Since the listing below shows pictures, leave them out and write out exactly the lines from the line with "Купить Конфеты Ferrero" to the line with "Certificato di cinquecento azioni.", both included, and no others.
Available data section start
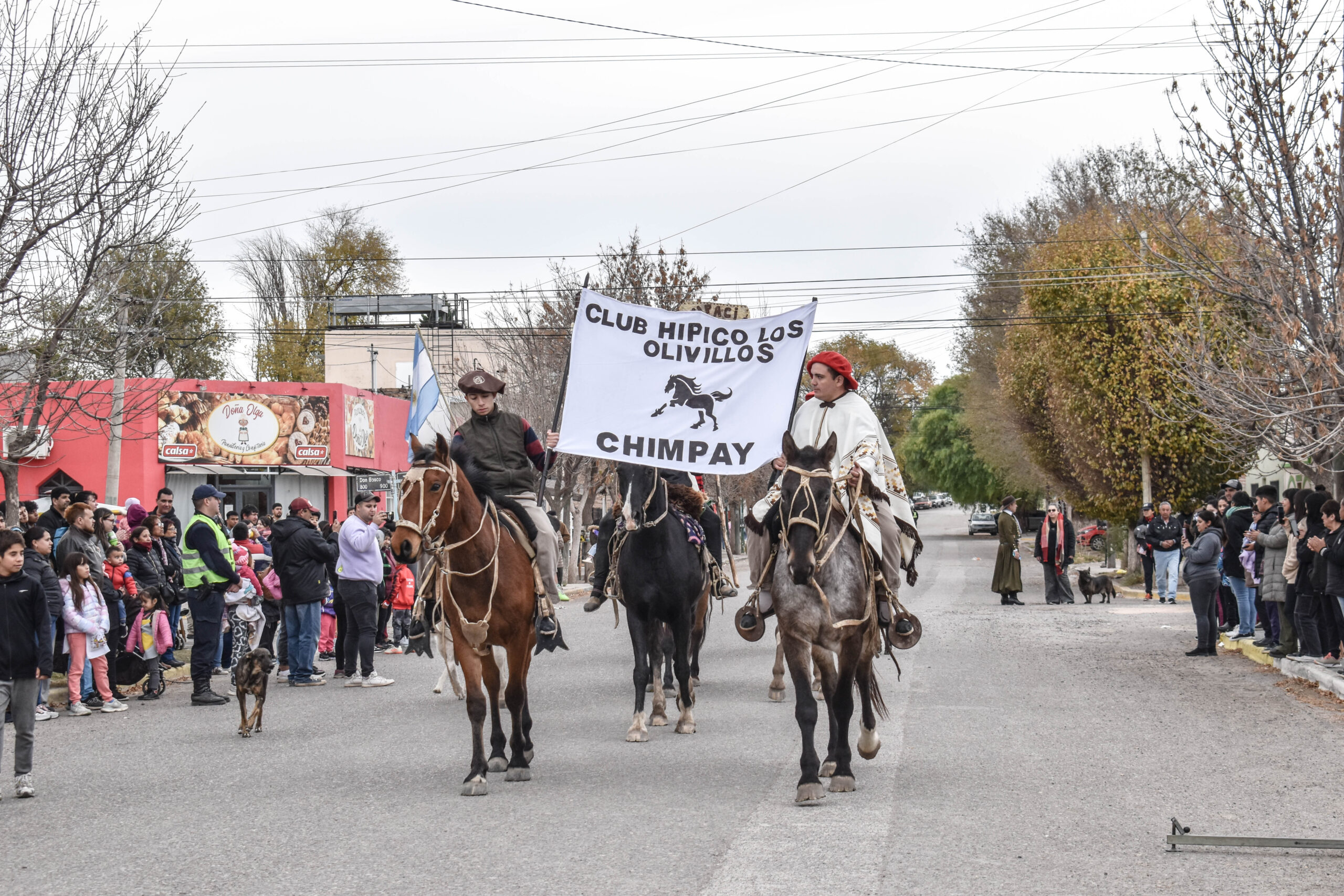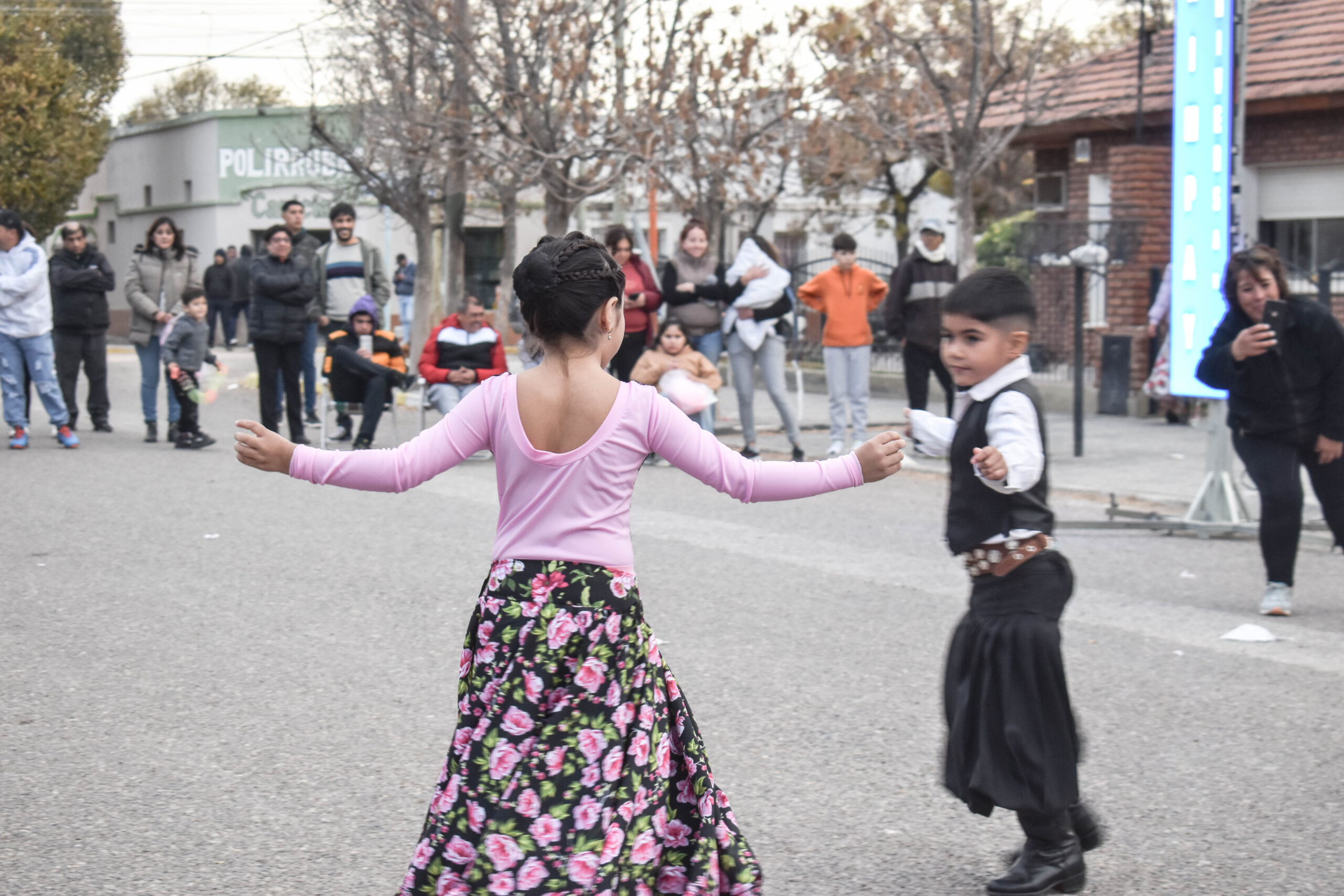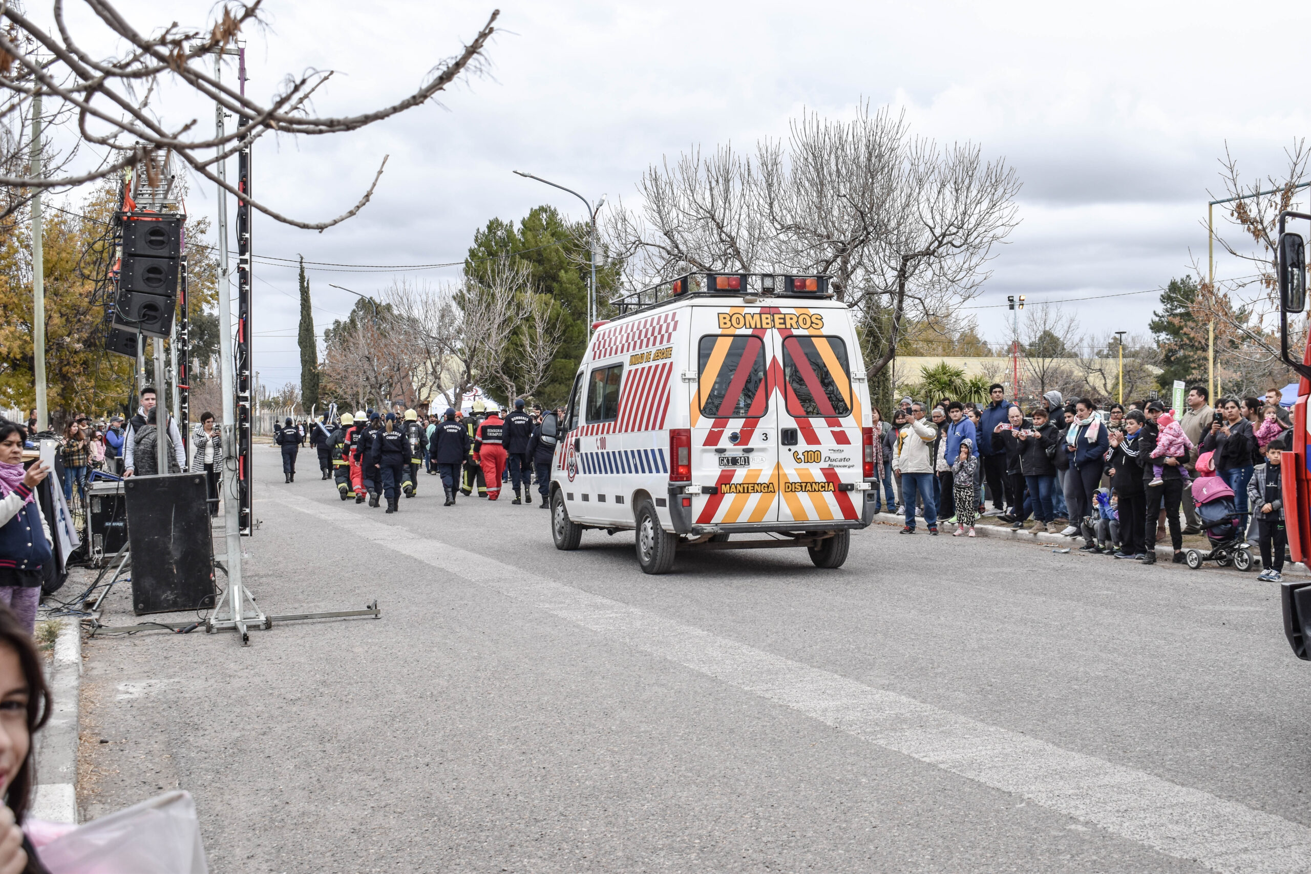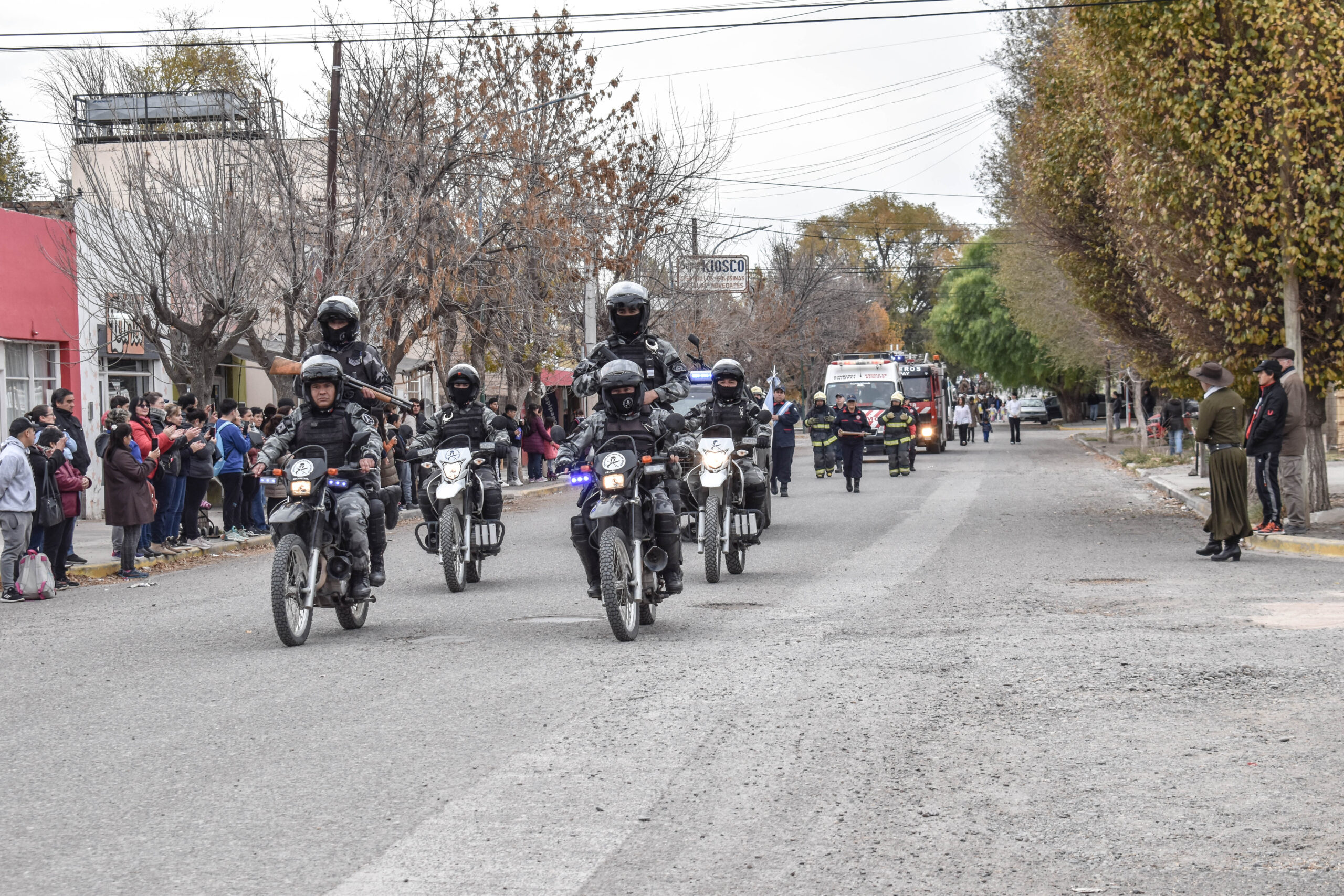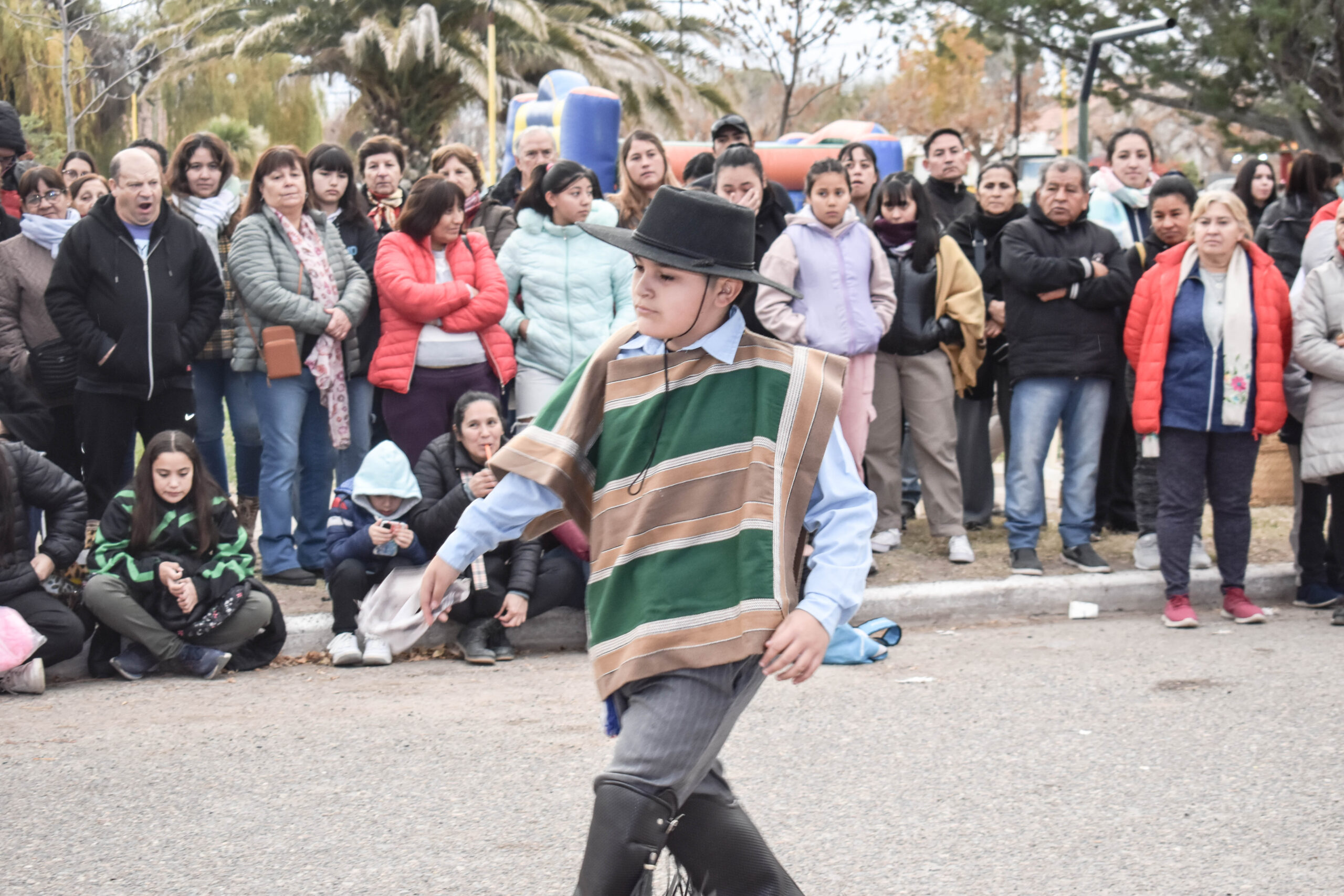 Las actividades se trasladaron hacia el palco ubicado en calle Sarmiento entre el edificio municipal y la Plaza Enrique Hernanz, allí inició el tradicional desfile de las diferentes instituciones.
Available data section end
Available data section start
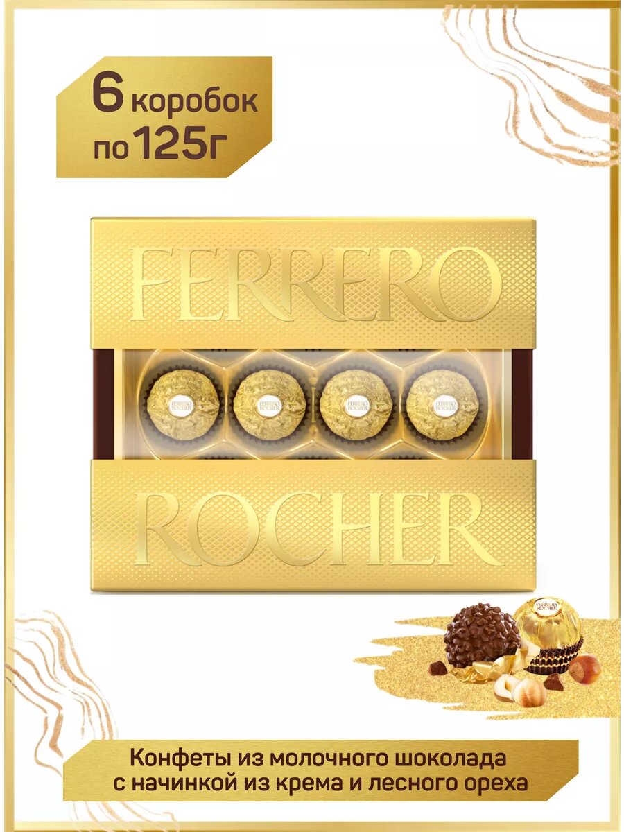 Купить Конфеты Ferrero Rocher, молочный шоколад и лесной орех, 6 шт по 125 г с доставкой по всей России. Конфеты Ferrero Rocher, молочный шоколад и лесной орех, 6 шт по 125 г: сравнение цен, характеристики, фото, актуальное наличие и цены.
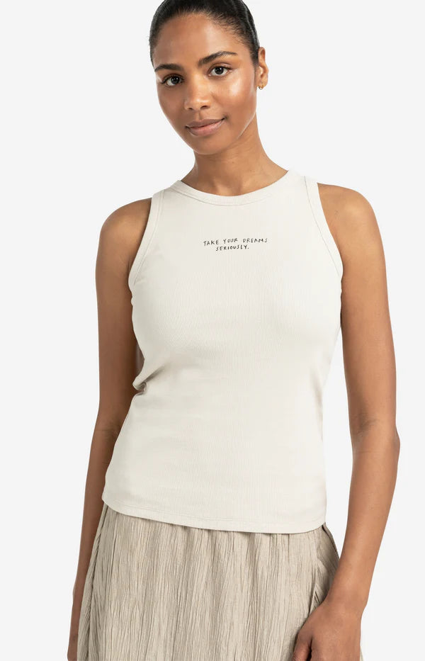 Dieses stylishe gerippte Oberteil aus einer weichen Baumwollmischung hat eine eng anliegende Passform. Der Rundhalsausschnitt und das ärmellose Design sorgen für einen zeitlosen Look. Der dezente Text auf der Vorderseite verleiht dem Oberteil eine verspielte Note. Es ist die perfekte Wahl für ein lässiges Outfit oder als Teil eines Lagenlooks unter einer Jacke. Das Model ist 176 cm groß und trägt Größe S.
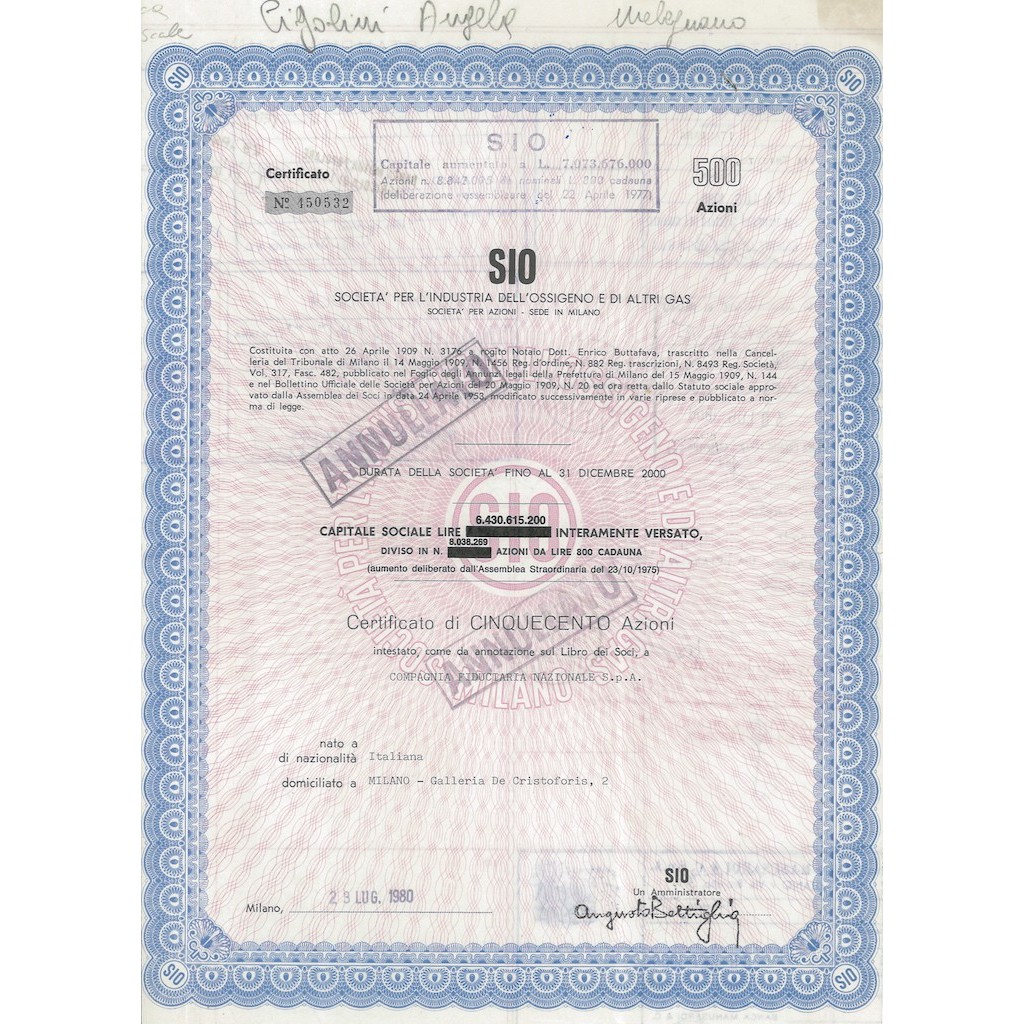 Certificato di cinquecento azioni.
Available data section end
Response to this exercise:
 Купить Конфеты Ferrero Rocher, молочный шоколад и лесной орех, 6 шт по 125 г с доставкой по всей России. Конфеты Ferrero Rocher, молочный шоколад и лесной орех, 6 шт по 125 г: сравнение цен, характеристики, фото, актуальное наличие и цены.
 Dieses stylishe gerippte Oberteil aus einer weichen Baumwollmischung hat eine eng anliegende Passform. Der Rundhalsausschnitt und das ärmellose Design sorgen für einen zeitlosen Look. Der dezente Text auf der Vorderseite verleiht dem Oberteil eine verspielte Note. Es ist die perfekte Wahl für ein lässiges Outfit oder als Teil eines Lagenlooks unter einer Jacke. Das Model ist 176 cm groß und trägt Größe S.
 Certificato di cinquecento azioni.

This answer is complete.